§ **ABOUT THIS TASK**
What is printed must match, line for line, the records from their first line through the line containing "울산비립종제거 아그네스 레이저는", with pictures left out.

§ **Data items**
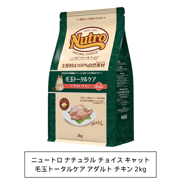 | 商品説明 | 毛玉が気になる愛猫のために、高品質な自然由来の食物繊維をバランスよく配合し、毛の排出をサポート。また、皮膚・被毛や腸内環境*の健康維持に配慮しています。 *食物繊維含有 ニュートロ ナチュラル チョイス キャットドライフードは厳選した自然素材を使用しています。厳しい独自の検査基準を設け、原材料の品質、均一性、安全性の確保に向けて厳格な検査を行っています。世界のペット栄養学をリードするウォルサム研究所の知見を基に、猫のライフスタイルに合わせて、最適な素材、最適な栄養バランス、高い嗜好性と消化性を実現し、愛猫の健康維持をサポートします。 ※沖縄県及び島嶼部等は、佐川急便の中継料が発生致します。実費負担願います。 ※リニューアルに伴い、パッケージ・内容等予告なく変更する場合がございます。予めご了承下さい。 |
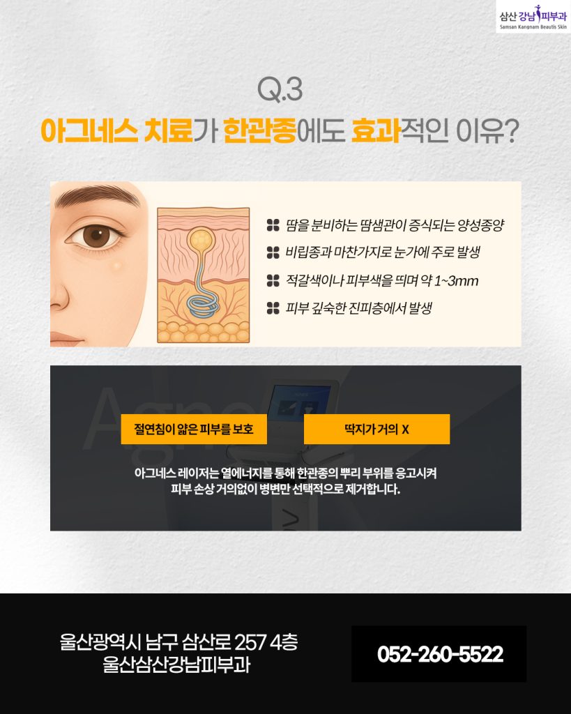 울산비립종제거 아그네스 레이저는 열에너지를 통해 한관종의 뿌리 부위를 응고시켜 피부 손상 없이 병변만 선택적으로 제거합니다. 절연침의 절연길이가 짧아 얇은 피부를 보호하며, 딱지가 거의 생기지 않아 다음날 세안이나 화장도 가능합니다.
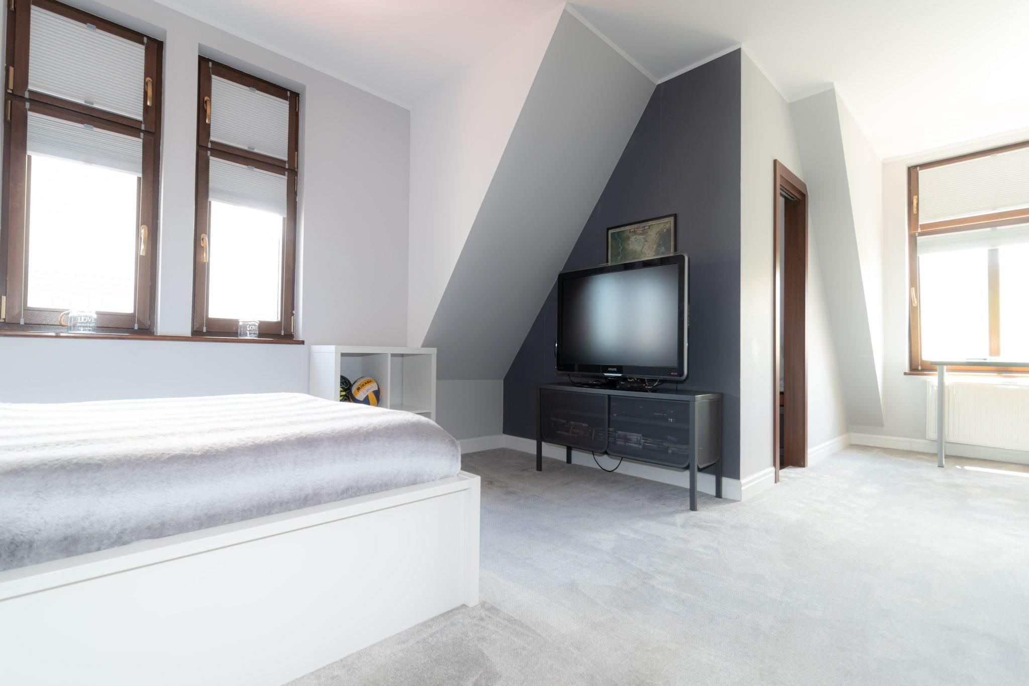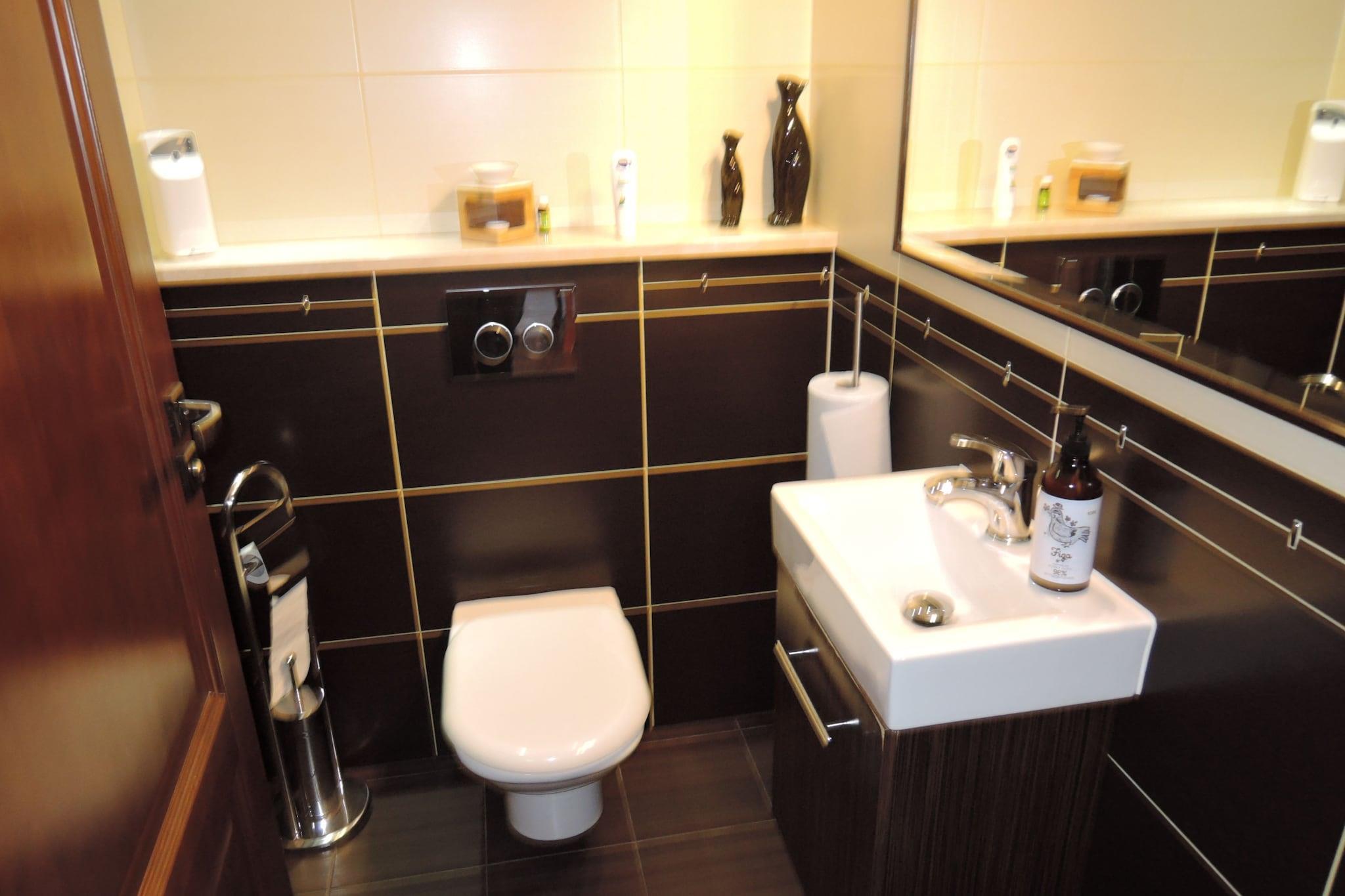 Perfekt til store familier eller til ferie med venner: Rummeligt sommerhus med 300 kvadratmeter boligareal fordelt på tre etager. I alt fem soveværelser og en stue er smagfuldt og af høj kvalitet indrettet. På varme sommerdage kan du med sikkerhed sidde i den velholdte have og på den store terrasse med siddepladser. Intet står i vejen for et feel-good-program - det sørger løbebåndet, boblebadet og den infrarøde sauna for. Dit feriehus har en rolig beliggenhed, cirka fem minutter i bil fra stranden ved Østersøen, lige bag den tysk-polske grænse. Hvis du kan lide lidt travlhed, så tag til centrum af Swinoujscie (Swinoujscie), hvor der er mange butikker, restauranter og caféer. Detaljer: Turistskat Aktiviteter i nærheden: Swinoujscie, beliggende nær den polsk-tyske grænse, er det største feriested på øen Wolin og har en attraktiv turist- og gastronomisk infrastruktur. Der tilbydes en bred vifte af vandsportsaktiviteter, og lystfiskere kan altid finde et roligt sted ved havet, søen eller lagunen i Szczecin for at kaste deres stænger. Det vigtigste transportmiddel bør være cykel, båd eller dine egne fødder for at udforske det smukke landskab uden for byen Swinoujscies. Talrige, godt afmærkede cykelstier inviterer til skønne ture på cykel. For dem, der foretrækker at være på vandet, er der masser af muligheder: ture med kano, vandcykler eller motorbåd er lige så muligt som en guidet sejltur fra en af de mange havne i området. Ikke egnet til personer med nedsat mobilitet
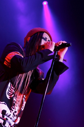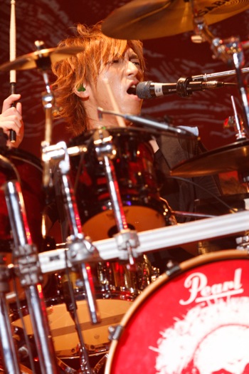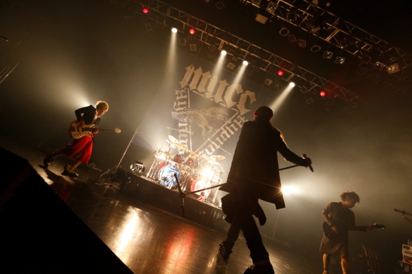 YUKKEがアップライトベースを掲げると、逹瑯の「いこうか」という声で3人ステージ中央で向かいあったかと思うと“ウォーッ!”という掛け事ともに「World’s End」のカップリング「自演奴」へ。「死んでもらおうと思って」と演奏された「咆哮」では、リズム隊がたたき出すスラッシュ・ビートが会場を震わせる。ミヤが「声出せー!」と叫ぶと、もう頭を振らずにはいられない。
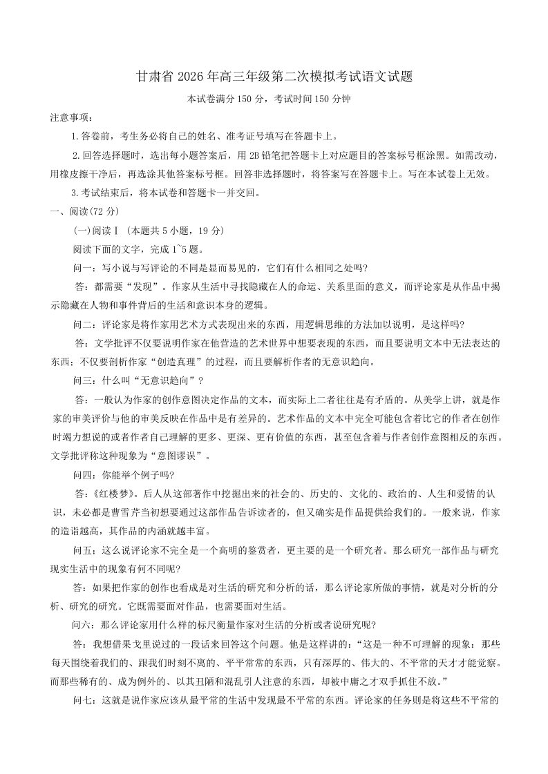 高三语文+答案--甘肃省2026届高三第二次模拟考试(甘肃二模)
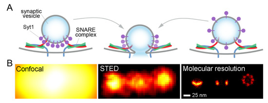 To showcase this, in the following we turn again to synaptic vesicle proteins, as an example. Synaptic exocytosis needs to take place with sub-millisecond kinetics, for accurate neurotransmission. These kinetics are difficult to understand, because the SNARE proteins responsible for exocytosis “intrinsically operate on a timescale of about a second” [53]. The solution can only come from a special arrangement (organization) of SNAREs and related proteins. For example, the Ca2+ sensor synaptotagmin-1 has been proposed to form a ring-like arrangement at the interface between docked synaptic vesicles and the plasma membrane, which helps in modulating the exocytosis kinetics [53]. Other vesicle proteins may also be arranged in clusters or ring-like arrangements that may aid in exocytosis. These include the SNARE synaptobrevin2/VAMP2, or synaptophysin, a vesicle marker with four transmembrane domains [54]. Vesicle protein clusters have also been proposed to aid in endocytosis [1,2,3]. The clusters are presumably targeted and retrieved by the endocytosis machinery, and, if the vesicle proteins were unable to form clusters, they would eventually scatter on the plasma membrane after exocytosis, and would be much more difficult to sort, retrieve, and endocytose. Albeit attractive, this idea of the involvement of vesicle protein clusters in exo- and endocytosis has one major fallacy; sub-vesicular protein clusters have never been seen in real vesicles, with only some hints obtained so far from electron cryo-tomography [54,55,56]. The main reason is the insufficient imaging resolution (Figure 3), since commonly-used super-resolution approaches are simply unable to differentiate between these hypotheses.
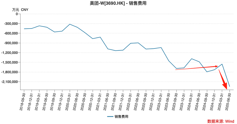 2025年Q2则完全不同,该季度市场费用同比激增51.8%,达到225亿元,占收入比从上季度的18%增至本季度的24.5%,换来了核心本地商业7.7%,集团11.7%的同比增速。
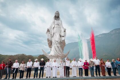 Dialogando Entregan Américo y María escultura monumental de la Virgen de la Misericordia en El Chorrito
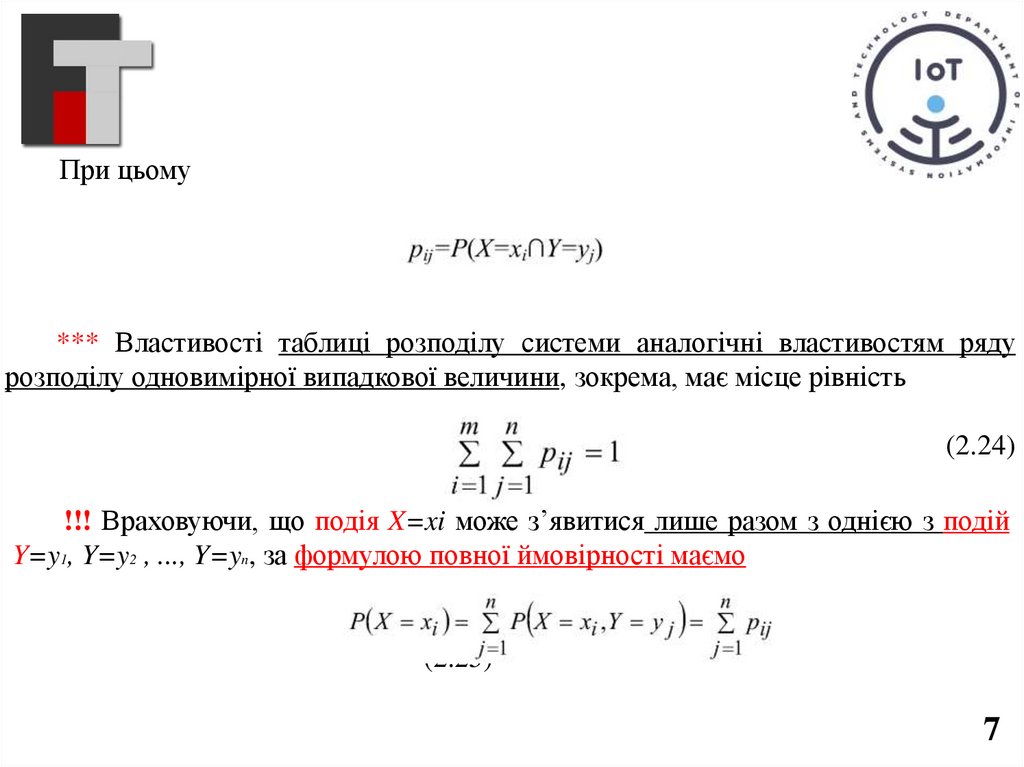 При цьому*** Властивості таблиці розподілу системи аналогічні властивостям ряду

§ **SOLUTION TO THE PROBLEM**
 | 商品説明 | 毛玉が気になる愛猫のために、高品質な自然由来の食物繊維をバランスよく配合し、毛の排出をサポート。また、皮膚・被毛や腸内環境*の健康維持に配慮しています。 *食物繊維含有 ニュートロ ナチュラル チョイス キャットドライフードは厳選した自然素材を使用しています。厳しい独自の検査基準を設け、原材料の品質、均一性、安全性の確保に向けて厳格な検査を行っています。世界のペット栄養学をリードするウォルサム研究所の知見を基に、猫のライフスタイルに合わせて、最適な素材、最適な栄養バランス、高い嗜好性と消化性を実現し、愛猫の健康維持をサポートします。 ※沖縄県及び島嶼部等は、佐川急便の中継料が発生致します。実費負担願います。 ※リニューアルに伴い、パッケージ・内容等予告なく変更する場合がございます。予めご了承下さい。 |
 울산비립종제거 아그네스 레이저는 열에너지를 통해 한관종의 뿌리 부위를 응고시켜 피부 손상 없이 병변만 선택적으로 제거합니다. 절연침의 절연길이가 짧아 얇은 피부를 보호하며, 딱지가 거의 생기지 않아 다음날 세안이나 화장도 가능합니다.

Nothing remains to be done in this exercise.